Please keep pictures out and return the lines below exactly, from the one holding "create a realistic" through the last, both included.

### RECORD EXCERPTS
--- START ---
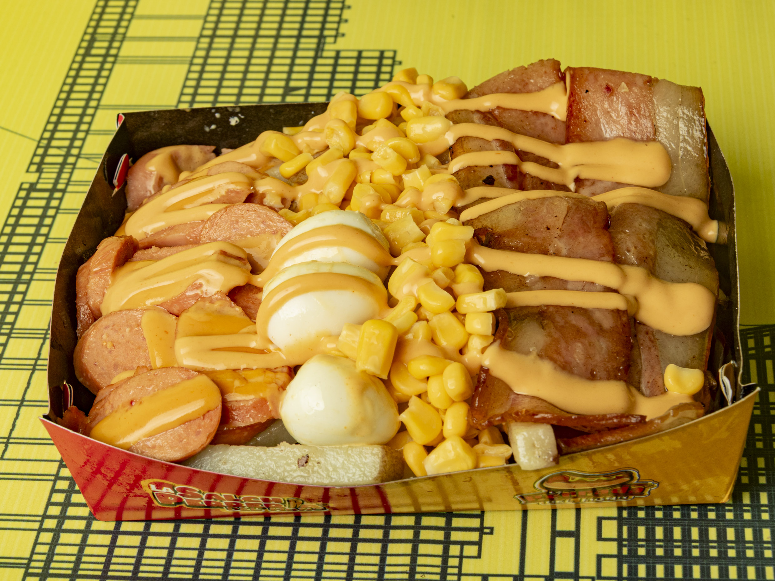 Salchicha americana Zenú, papa, queso, tocineta, 2 huevos de codorniz.
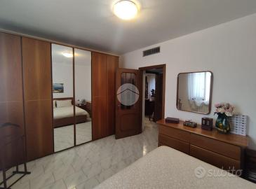 In buone condizioni interne, l'appartamento presenta pavimenti in ceramica chiara, tendoni da sole, inferiate di sicurezza e aria condizionata canalizzata. Nel prezzo sono compresi l'arredo interno e la cantina, rendendo l'immobile subito abitabile senza ulteriori spese.
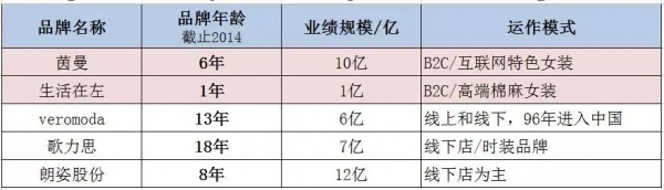 女裝的風格、年齡的定位,可以有很多的差異化,女裝發展多樣化是必然的趨勢。按此前公開數據整理,匯美集團2014年總銷售業績約10個億,茵曼、初語兩個品牌單量級超5億。方建華在其微信公眾號文章中透露,“生活在左”業績達一個億,今年還將誕生三個過億的新品牌。
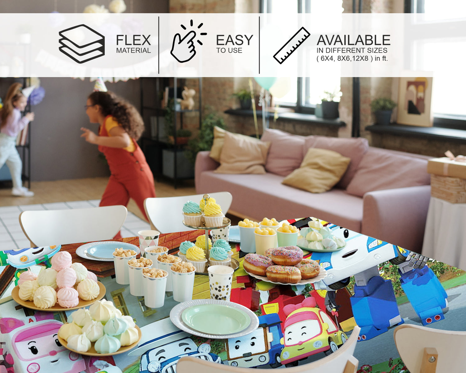 Premium Flex Material Cake Table Cover is Elegant, easy to clean, and lightweight. This theme-based cover features attractive designs, perfect for one-time use in birthday decorations. Please note, the product color may slightly vary due to photographic lighting sources or your display settings. Three sizes are available, as shown below in the variants section.
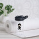 Un mignon dessin animé en ninja habillé en noir tient une étoile qui lance. On peut voir le katana d'épée japonais traditionnel attaché par-dessus son épaule.
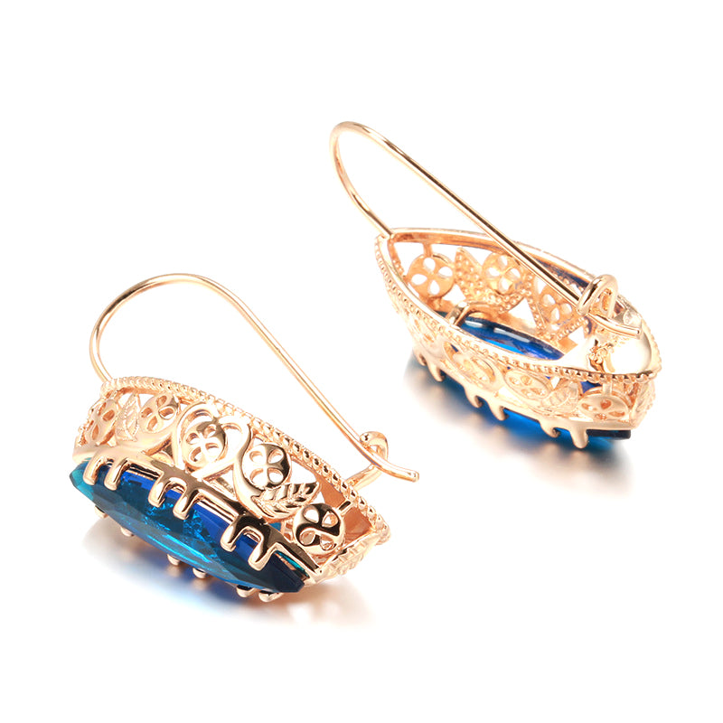 Златен дамски комплект колие + обеци син камък
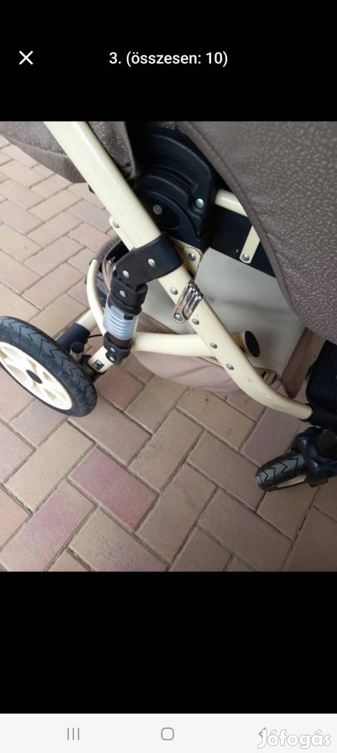 Megkímélt állapotú, három részes,nagy tömlős kerekű,bézs-barna színű,több pontban állítható,rugós csillapítasú babakocsi eladó.
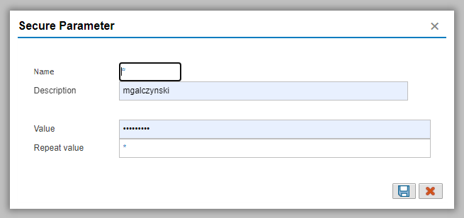 In this section we document only how to create and store secure parameters. Usage of those is possible by assigning them to Variables. Read more in Variables & Variable processing manual page.
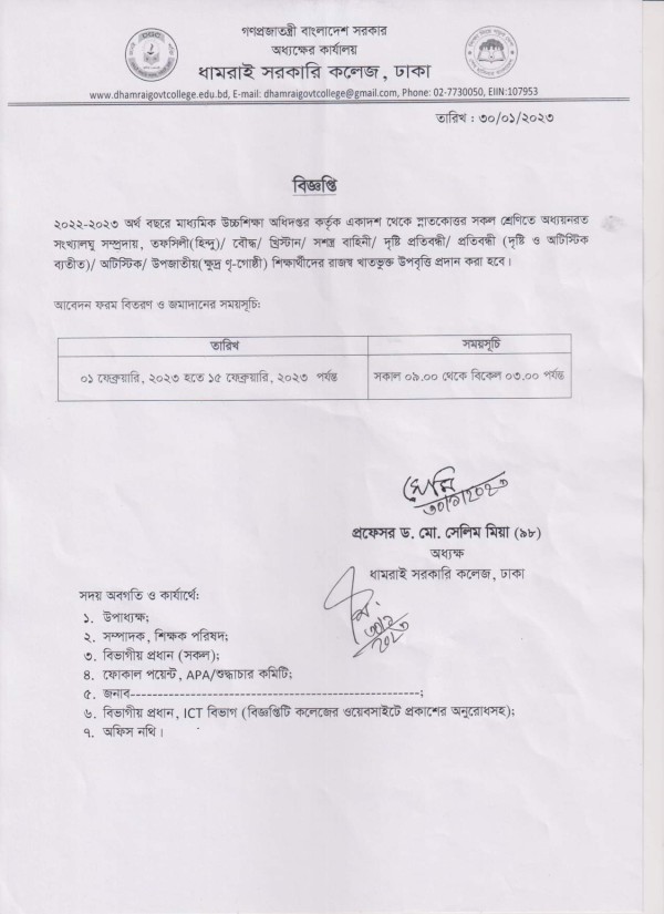 Notice Title : উপবৃত্তি প্রদান প্রসঙ্গে
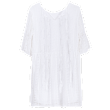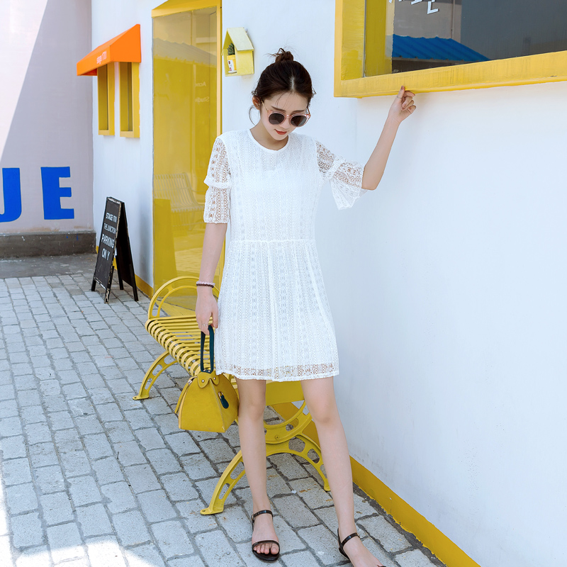 蕾絲連衣裙后背是兩排系帶的設計,采用撞色搭配設計
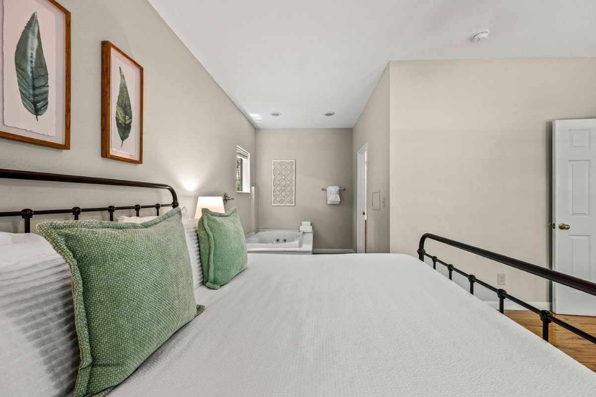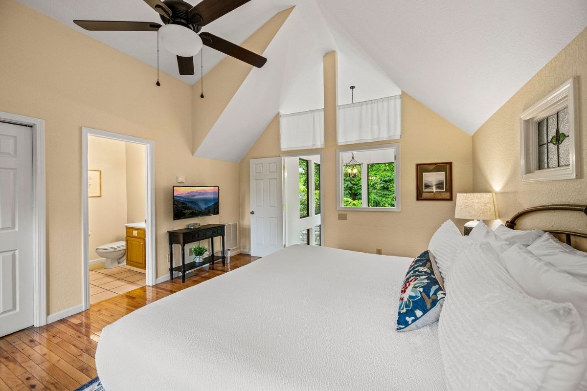 Venture upstairs to the top floor, where a spacious primary suite beckons with a king-sized bed, a relaxing whirlpool jacuzzi, and a private TV. An ensuite bathroom adds to your comfort. Additionally, there's a private, screened-in porch off the bedroom, offering a secluded spot to enjoy more time outdoors.
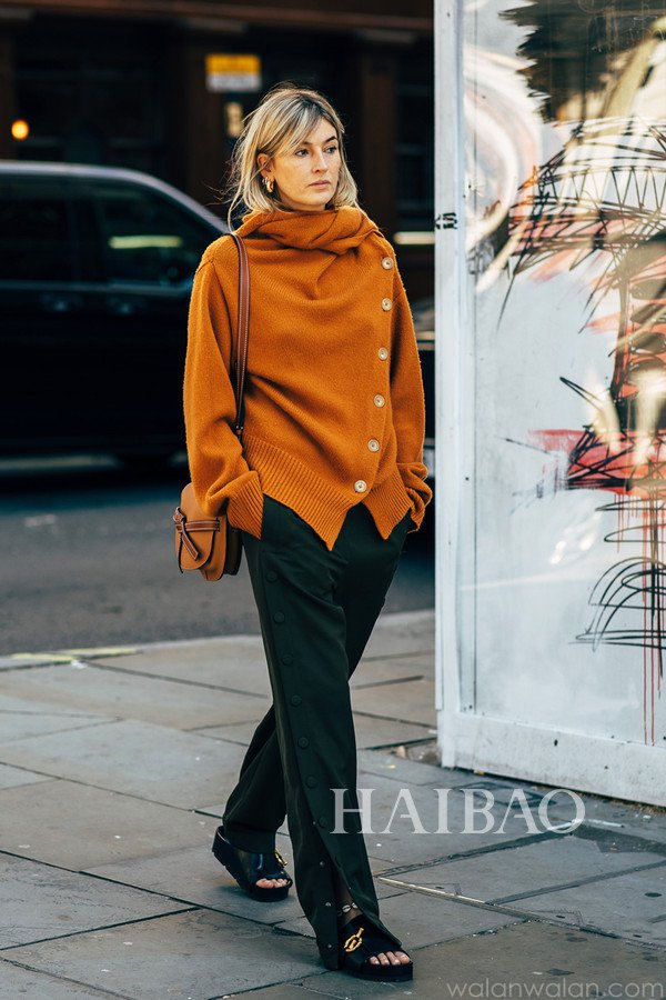 这件柿子色斜纽扣式的毛衣刚过去的时装周街拍成了时髦精的团宠,时尚博主卡米尔·夏里埃尔(Camille Charriere) 、Net-a-porter零售时尚总监&《THE EDIT》造型总监Lisa Aiken等不约而同得演绎了。
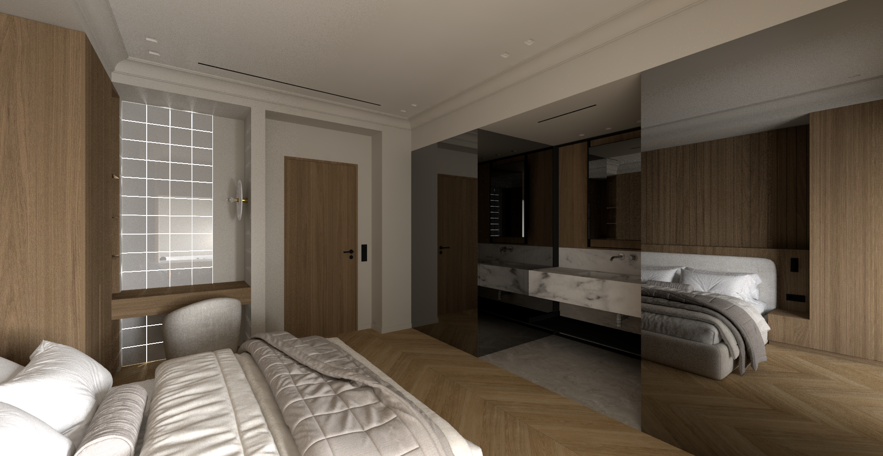 create a realistic high resollution materials image switch on lights do not redesign the geometries or styles at the left there are wall by satine glassbricks no transparent physical light inserts from there
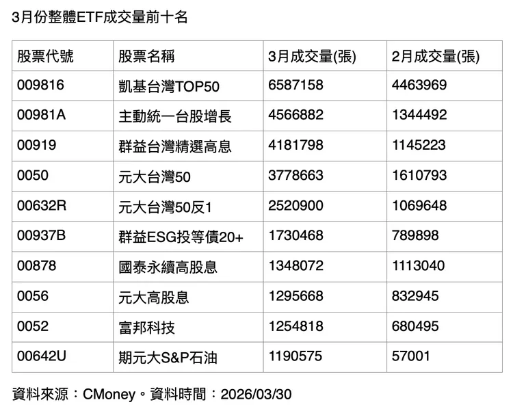 觀察目前市場逾280檔ETF,3月成交量前十名涵蓋多元類型,包括3檔市值型、3檔高股息、1檔主動式、1檔債券型、1檔反向與1檔期貨信託產品。人氣前段班則以009816、主動統一台股增長(00981A)、群益台灣精選高息(00919)、元大台灣50(0050)及元大台灣50反1(00632R)最受矚目。
--- END ---
### WRITTEN RESPONSE
 create a realistic high resollution materials image switch on lights do not redesign the geometries or styles at the left there are wall by satine glassbricks no transparent physical light inserts from there
 觀察目前市場逾280檔ETF,3月成交量前十名涵蓋多元類型,包括3檔市值型、3檔高股息、1檔主動式、1檔債券型、1檔反向與1檔期貨信託產品。人氣前段班則以009816、主動統一台股增長(00981A)、群益台灣精選高息(00919)、元大台灣50(0050)及元大台灣50反1(00632R)最受矚目。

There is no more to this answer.